Figure 2: GCL demonstrates remarkable robustness to Gaussian noise injected into modalities, significantly outperforming baseline models across all noise levels on CMU-MOSI.

Figure 3

Figure 3: Audited Selectivity analysis shows GCL maximizing Positive-Gain Ratio (PGR) while maintaining moderate Activation Rate (AR), affirming efficient filtering of beneficial exchanges.

Ablation studies confirm the necessity of each architectural component, with indiscriminate full exchange, absence of Routing/Auditing Agents, or removal of Public-Factor/aggregation adaptivity yielding consistent performance deterioration.
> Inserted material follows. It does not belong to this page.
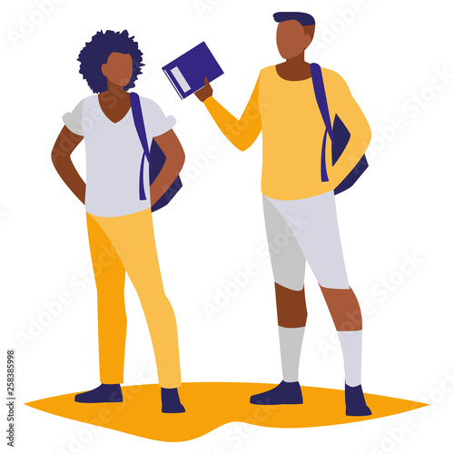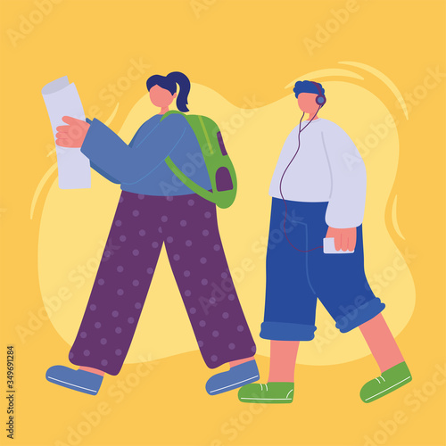 Mužské studentské postavy dávat vysoké pět vektorové ikony izolovaných na bílém pozadí.
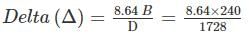 Find the delta for a crop when its duty is 1728 hectares/cumec on the field, the base period for the crop is 240 days.

In particular, the redundancy control module is critical for suppressing spurious coupling—a failure in this regard causes catastrophic collapse under message permutation stress tests. Figure 4

Figure 4: GCL reliability against spurious coupling tested via message permutation, visualized using HSIC/CKA diagnostics; redundancy-governed GCL maintains high accuracy and low dependence.

Adaptivity and consensus analysis unequivocally show that aggregation via public-factor-guided weights prevents dominance collapse and aligns fusion weights with true marginal utility. Figure 5

Figure 5: Consensus landscape reveals GCL achieves moderated dominance and high alignment correlation, maximizing evidence quality without favoring any single modality.
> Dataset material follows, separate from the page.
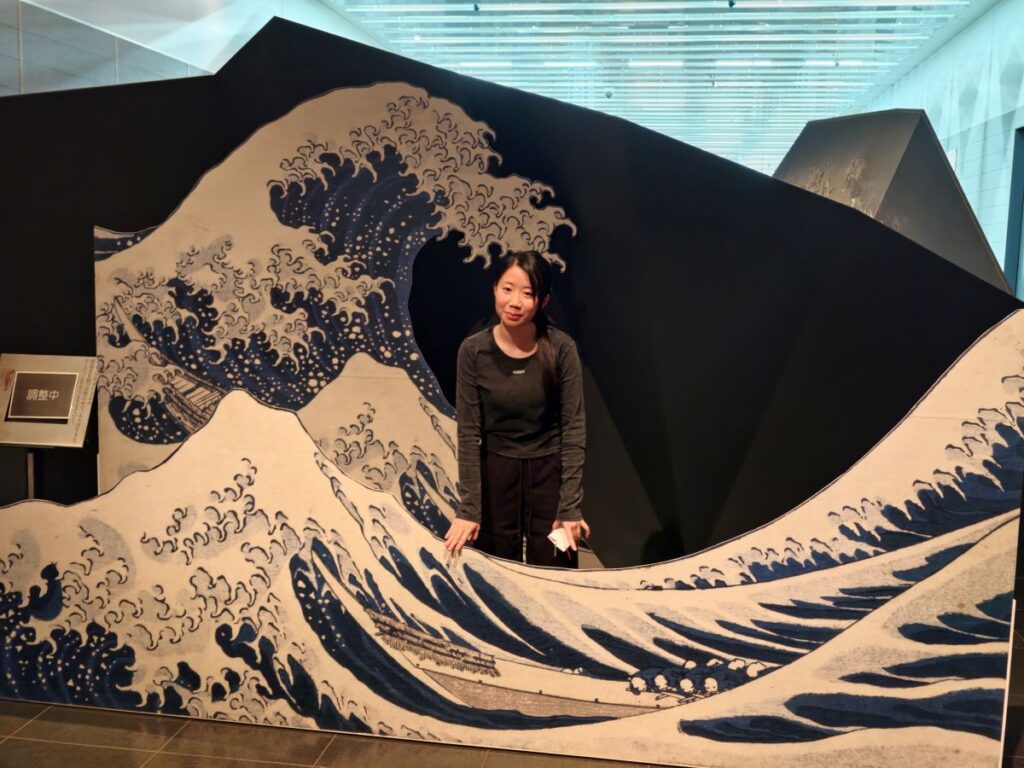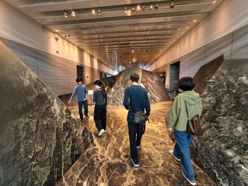 やまありやまなしの標語のままに地形図を立体的に現したエリアを通って、海が羨ましい山梨らしい富岳三十六景の「神奈川沖浪裏」にて撮影

Efficiency and Practical Implications

GCL's lightweight agent-based protocol achieves superior Pareto efficiency, reducing parameters and computational latency compared to high-capacity contrastive, MoE, and disentanglement baselines. Computational efficiency analyses demonstrate 54% parameter reduction relative to ConFEDE and 25% training time improvement over EMOE.

The explicit governance protocol translates into enhanced robustness to distribution shifts and signal corruption—the architecture actively suppresses the propagation of noise and prevents brittle dependencies on incidental correlations. This practical advantage is critical for real-world deployment in affective computing, intent recognition, and multimodal human-machine interaction.
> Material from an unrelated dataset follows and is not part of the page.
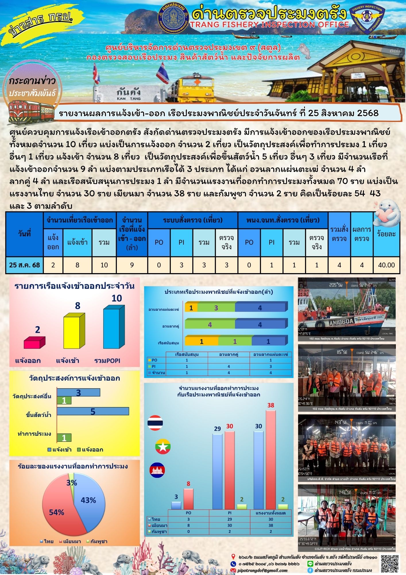 วันจันทร์ ที่ 25 สิงหาคม 2568 ศูนย์ควบคุมการแจ้งเรือเข้าออกตรัง สังกัดด่านตรวจประมงตรัง มีการแจ้งเข้าออกของเรือประมงพาณิชย์ ทั้งหมดจำนวน 10 เที่ยว แบ่งเป็นการแจ้งออก จำนวน 2 เที่ยว เป็นวัตถุประสงค์เพื่อทำการประมง 1 เที่ยว อื่นๆ 1 เที่ยว แจ้งเข้า จำนวน 8 เที่ยว  เป็นวัตถุประสงค์เพื่อขึ้นสัตว์น้ำ 5 เที่ยว อื่นๆ 3 เที่ยว มีจำนวนเรือที่แจ้งเข้าออกจำนวน 9 ลำ แบ่งตามประเภทเรือได้ 3 ประเภท ได้แก่ อวนลากแผ่นตะเฆ่ จำนวน 4 ลำ ลากคู่ 4 ลำ และเรือสนับสนุนการประมง 1 ลำ มีจำนวนแรงงานที่ออกทำการประมงทั้งหมด 70 ราย แบ่งเป็นแรงงานไทย จำนวน 30 ราย เมียนมา จำนวน 38 ราย และกัมพูชา จำนวน 2 ราย คิดเป็นร้อยละ 43  54  และ 3 ตามลำดับ

Theoretical Implications and Future Directions

GCL advances the foundational understanding of multimodal integration: effective learning is not merely a matter of maximizing connectivity or fusing representations, but depends on transparent governance of information flow and semantic consensus. The protocol distinguishes causality from correlation, maximizing label-relevant utility while maintaining interpretability. The separation of specialization channels and a public semantic anchor provides a framework for further exploration of dynamic collaboration under adversarial conditions, missing modalities, or causal intervention scenarios.

Future work may involve extending the governance protocol to larger-scale modality sets, hierarchical aggregator cascades, federated/multi-agent settings, and foundation models. The marginal-gain auditing paradigm could be generalized to other domains where tacit gradient dynamics introduce optimization shortcuts or spurious alignments.

Conclusion

Group Cognition Learning presents a principled, agent-based multimodal learning protocol that mitigates modality dominance and spurious coupling via selective interaction and consensus formation. The architecture transforms opaque fusion into transparent, audit-driven governance, yielding robust, state-of-the-art multimodal predictions, enhanced efficiency, and improved interpretability. GCL thus represents a rigorous framework for future multimodal AI systems requiring both reliability and theoretical soundness (2605.00370).